**TASK REQUIREMENTS**
Find the line below with "(a) Outdoor air" and the line with "今年から始まった、教科「日本". Output them and the lines between, exactly, but not the pictures.

**AVAILABLE RECORDS**
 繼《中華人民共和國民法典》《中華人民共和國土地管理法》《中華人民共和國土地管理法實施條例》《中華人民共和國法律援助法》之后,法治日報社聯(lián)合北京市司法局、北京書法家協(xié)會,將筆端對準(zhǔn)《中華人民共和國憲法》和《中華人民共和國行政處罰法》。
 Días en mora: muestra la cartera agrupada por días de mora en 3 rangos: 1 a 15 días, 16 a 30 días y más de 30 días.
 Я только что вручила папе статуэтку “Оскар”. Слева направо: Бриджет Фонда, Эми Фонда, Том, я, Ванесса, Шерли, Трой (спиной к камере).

...

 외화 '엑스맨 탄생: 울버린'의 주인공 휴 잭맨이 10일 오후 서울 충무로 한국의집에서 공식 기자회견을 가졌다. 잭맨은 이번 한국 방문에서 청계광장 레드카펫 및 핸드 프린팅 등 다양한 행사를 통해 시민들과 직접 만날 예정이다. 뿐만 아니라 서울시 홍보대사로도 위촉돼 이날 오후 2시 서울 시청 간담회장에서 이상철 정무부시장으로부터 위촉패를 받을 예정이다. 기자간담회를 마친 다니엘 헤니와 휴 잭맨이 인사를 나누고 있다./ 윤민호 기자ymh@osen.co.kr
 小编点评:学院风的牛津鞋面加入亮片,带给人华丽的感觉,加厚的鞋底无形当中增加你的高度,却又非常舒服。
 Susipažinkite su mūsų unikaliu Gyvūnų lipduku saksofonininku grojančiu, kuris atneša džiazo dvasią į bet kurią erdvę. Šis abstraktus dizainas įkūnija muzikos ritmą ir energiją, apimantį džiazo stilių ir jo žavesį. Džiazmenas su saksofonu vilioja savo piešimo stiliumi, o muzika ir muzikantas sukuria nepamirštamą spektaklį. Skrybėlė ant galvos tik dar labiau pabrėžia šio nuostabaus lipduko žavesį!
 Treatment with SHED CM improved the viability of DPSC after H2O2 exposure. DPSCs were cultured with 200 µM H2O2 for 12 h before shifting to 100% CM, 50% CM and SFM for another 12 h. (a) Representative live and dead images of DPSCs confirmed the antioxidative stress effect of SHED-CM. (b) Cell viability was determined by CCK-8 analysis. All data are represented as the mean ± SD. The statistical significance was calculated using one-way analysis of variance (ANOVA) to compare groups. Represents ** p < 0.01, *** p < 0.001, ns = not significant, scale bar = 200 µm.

...

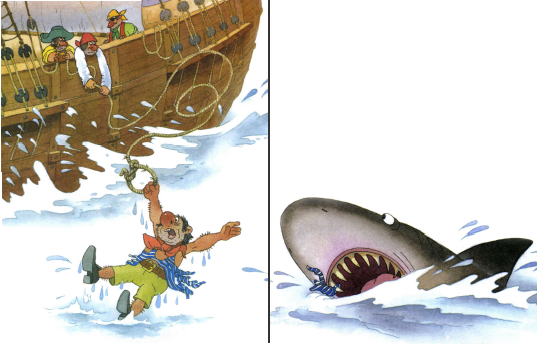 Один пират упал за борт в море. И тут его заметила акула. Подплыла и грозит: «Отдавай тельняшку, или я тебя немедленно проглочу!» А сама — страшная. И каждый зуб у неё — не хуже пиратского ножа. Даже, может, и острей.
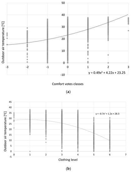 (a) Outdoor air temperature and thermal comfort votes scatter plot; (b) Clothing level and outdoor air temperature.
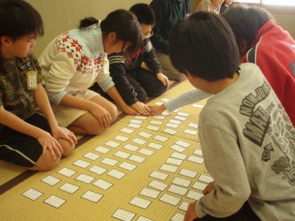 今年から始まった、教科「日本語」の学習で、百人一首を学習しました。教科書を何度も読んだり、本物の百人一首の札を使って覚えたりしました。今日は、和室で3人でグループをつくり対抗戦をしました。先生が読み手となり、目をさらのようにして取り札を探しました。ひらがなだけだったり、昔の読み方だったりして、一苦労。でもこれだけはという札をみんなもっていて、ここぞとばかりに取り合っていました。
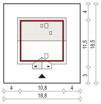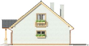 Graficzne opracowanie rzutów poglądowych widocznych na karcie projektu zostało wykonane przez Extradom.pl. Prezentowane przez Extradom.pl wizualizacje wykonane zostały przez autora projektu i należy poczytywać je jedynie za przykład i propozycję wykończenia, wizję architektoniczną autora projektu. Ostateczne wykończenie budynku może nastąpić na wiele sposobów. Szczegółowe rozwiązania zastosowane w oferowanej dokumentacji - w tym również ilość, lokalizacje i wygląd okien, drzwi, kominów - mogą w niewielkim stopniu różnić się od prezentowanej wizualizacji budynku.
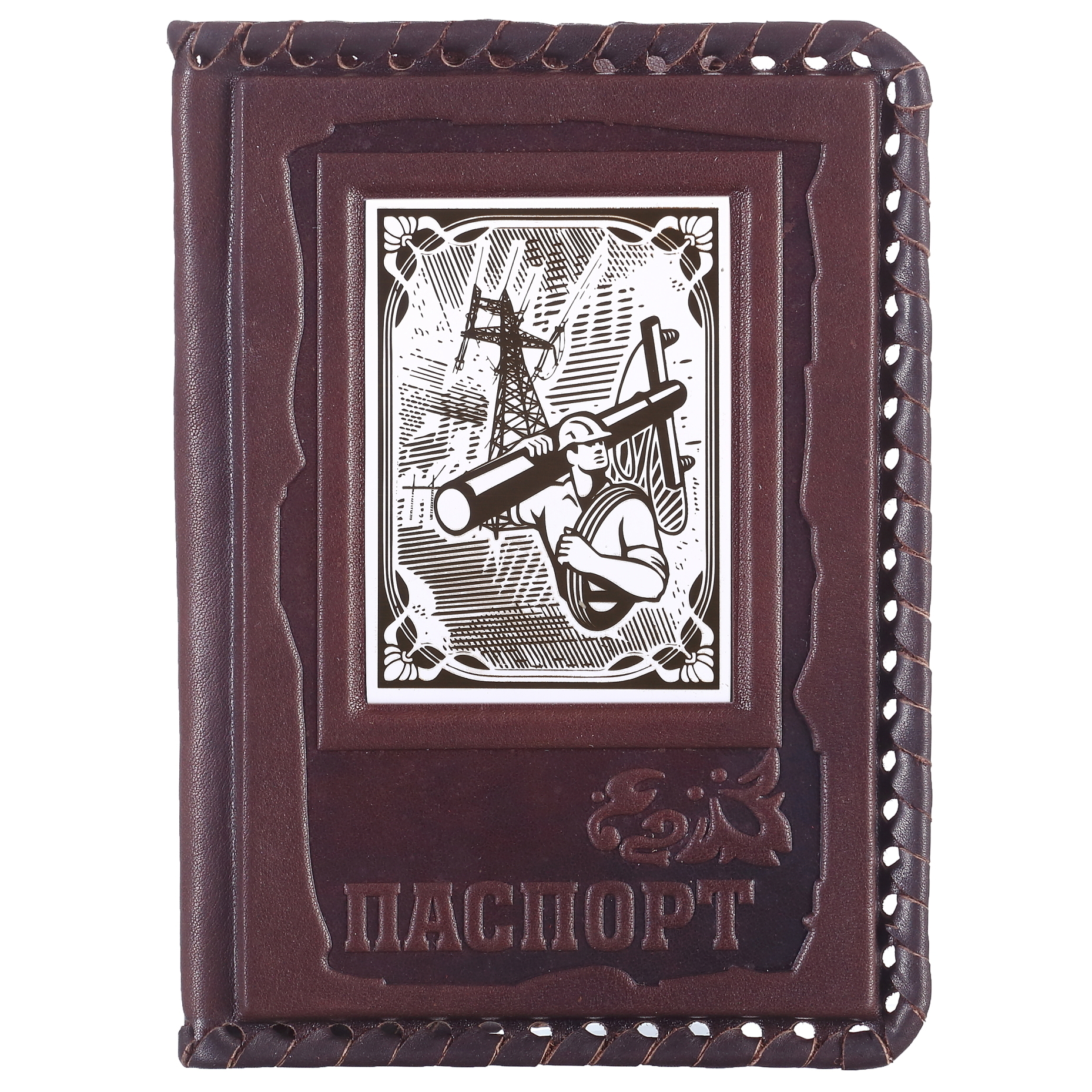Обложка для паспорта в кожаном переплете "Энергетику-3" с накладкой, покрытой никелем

**ANSWER AREA**
 (a) Outdoor air temperature and thermal comfort votes scatter plot; (b) Clothing level and outdoor air temperature.
 今年から始まった、教科「日本語」の学習で、百人一首を学習しました。教科書を何度も読んだり、本物の百人一首の札を使って覚えたりしました。今日は、和室で3人でグループをつくり対抗戦をしました。先生が読み手となり、目をさらのようにして取り札を探しました。ひらがなだけだったり、昔の読み方だったりして、一苦労。でもこれだけはという札をみんなもっていて、ここぞとばかりに取り合っていました。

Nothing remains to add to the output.